HOW TO COMPLETE THIS TASK – The material below includes pictures; leave them out and return only the lines between the line containing "Free a super" and the line containing "Errr...jemu dak, bila", inclusive, word for word.

ENTRIES SUPPLIED –
........

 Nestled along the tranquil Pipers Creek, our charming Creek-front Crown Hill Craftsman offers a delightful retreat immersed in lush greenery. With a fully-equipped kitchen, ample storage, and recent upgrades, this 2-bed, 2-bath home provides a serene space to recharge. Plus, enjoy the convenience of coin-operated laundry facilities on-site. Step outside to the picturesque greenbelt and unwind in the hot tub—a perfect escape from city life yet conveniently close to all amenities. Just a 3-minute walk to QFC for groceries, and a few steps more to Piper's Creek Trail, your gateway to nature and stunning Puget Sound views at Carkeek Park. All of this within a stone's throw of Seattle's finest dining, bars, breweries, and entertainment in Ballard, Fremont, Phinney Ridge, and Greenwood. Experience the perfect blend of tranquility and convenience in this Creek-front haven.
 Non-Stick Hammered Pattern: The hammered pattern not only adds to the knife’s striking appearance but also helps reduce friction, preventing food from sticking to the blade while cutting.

........

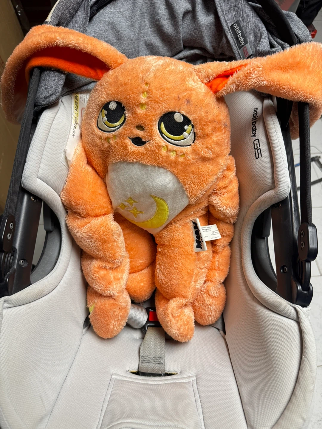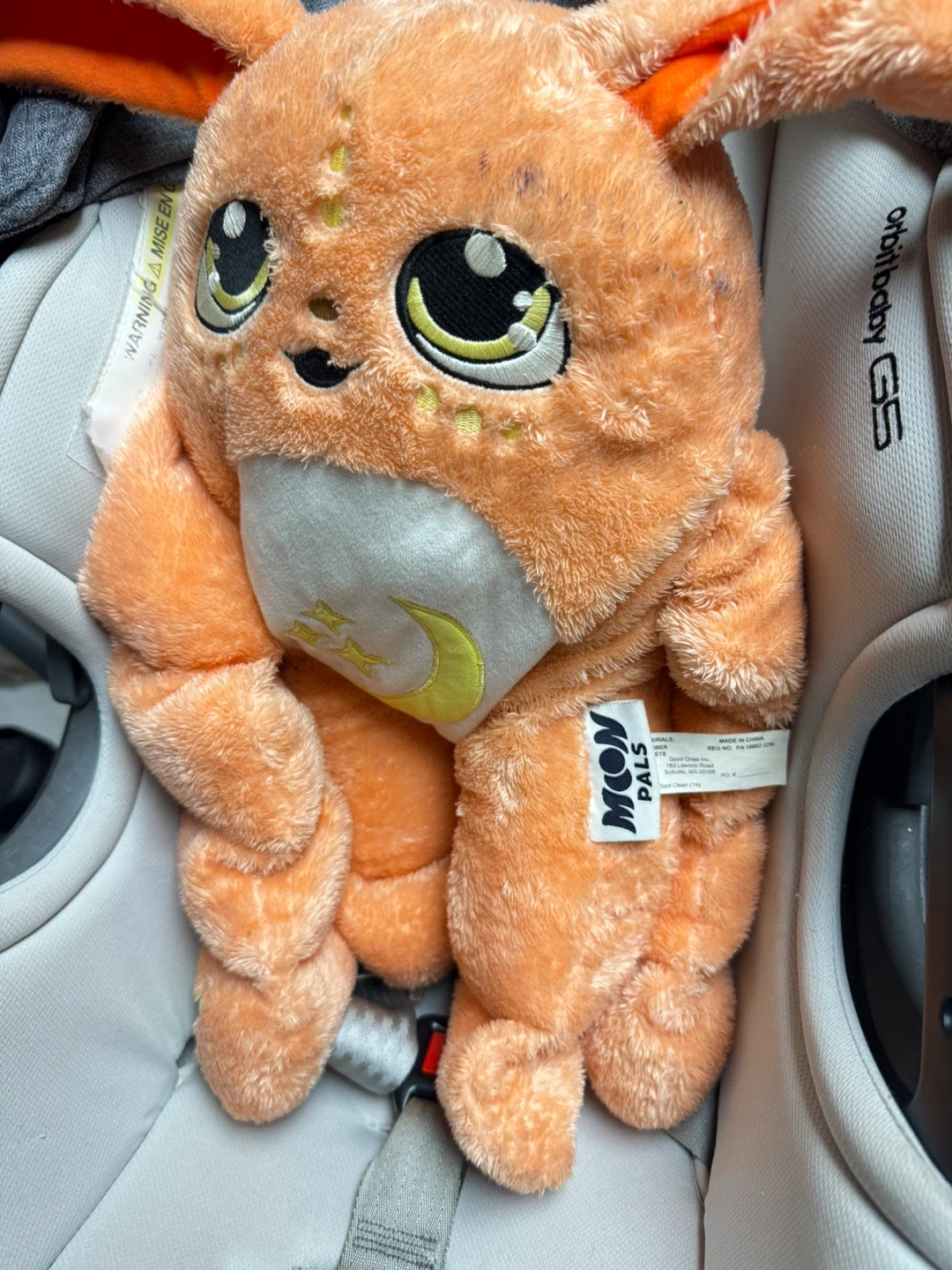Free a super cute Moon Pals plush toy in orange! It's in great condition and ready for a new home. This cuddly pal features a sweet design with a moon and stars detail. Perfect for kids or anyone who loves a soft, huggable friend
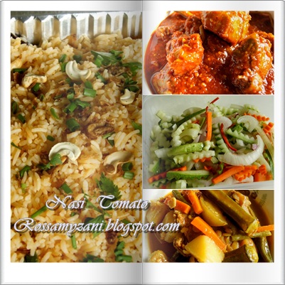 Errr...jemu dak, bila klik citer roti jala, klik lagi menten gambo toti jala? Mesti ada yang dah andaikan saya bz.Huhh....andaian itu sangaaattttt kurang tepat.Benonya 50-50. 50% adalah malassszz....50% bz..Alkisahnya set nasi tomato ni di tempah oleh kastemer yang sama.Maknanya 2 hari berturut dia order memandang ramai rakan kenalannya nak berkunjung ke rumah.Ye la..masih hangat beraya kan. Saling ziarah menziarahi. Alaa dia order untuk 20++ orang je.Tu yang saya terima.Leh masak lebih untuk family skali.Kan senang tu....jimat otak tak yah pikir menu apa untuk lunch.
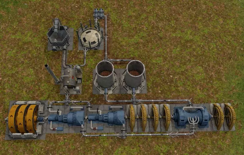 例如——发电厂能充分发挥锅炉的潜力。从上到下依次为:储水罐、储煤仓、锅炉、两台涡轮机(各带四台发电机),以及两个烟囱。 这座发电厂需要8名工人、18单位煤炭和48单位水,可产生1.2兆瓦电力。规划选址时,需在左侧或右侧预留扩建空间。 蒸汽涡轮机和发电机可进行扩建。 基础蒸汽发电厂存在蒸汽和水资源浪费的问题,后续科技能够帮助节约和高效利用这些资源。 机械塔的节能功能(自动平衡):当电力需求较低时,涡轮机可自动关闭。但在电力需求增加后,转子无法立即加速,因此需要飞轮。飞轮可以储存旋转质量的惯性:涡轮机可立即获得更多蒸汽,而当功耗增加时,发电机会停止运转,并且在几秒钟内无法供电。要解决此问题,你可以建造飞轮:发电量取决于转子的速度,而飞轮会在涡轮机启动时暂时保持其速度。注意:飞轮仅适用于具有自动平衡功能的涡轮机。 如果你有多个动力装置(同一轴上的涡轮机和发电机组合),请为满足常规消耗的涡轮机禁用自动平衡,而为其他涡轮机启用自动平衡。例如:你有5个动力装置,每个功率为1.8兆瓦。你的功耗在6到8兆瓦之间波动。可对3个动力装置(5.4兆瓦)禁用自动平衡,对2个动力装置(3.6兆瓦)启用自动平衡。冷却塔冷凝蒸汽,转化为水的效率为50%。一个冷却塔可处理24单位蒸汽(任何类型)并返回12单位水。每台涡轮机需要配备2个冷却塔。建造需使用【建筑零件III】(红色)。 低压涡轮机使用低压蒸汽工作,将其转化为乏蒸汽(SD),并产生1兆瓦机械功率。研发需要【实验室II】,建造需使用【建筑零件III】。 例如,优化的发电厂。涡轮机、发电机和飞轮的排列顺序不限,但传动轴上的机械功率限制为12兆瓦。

........

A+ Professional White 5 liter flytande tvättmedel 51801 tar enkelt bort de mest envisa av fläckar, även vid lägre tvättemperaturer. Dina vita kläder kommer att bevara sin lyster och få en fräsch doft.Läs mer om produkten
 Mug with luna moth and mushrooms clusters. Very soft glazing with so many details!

........

TASK SOLUTION –
Free a super cute Moon Pals plush toy in orange! It's in great condition and ready for a new home. This cuddly pal features a sweet design with a moon and stars detail. Perfect for kids or anyone who loves a soft, huggable friend
 Errr...jemu dak, bila klik citer roti jala, klik lagi menten gambo toti jala? Mesti ada yang dah andaikan saya bz.Huhh....andaian itu sangaaattttt kurang tepat.Benonya 50-50. 50% adalah malassszz....50% bz..Alkisahnya set nasi tomato ni di tempah oleh kastemer yang sama.Maknanya 2 hari berturut dia order memandang ramai rakan kenalannya nak berkunjung ke rumah.Ye la..masih hangat beraya kan. Saling ziarah menziarahi. Alaa dia order untuk 20++ orang je.Tu yang saya terima.Leh masak lebih untuk family skali.Kan senang tu....jimat otak tak yah pikir menu apa untuk lunch.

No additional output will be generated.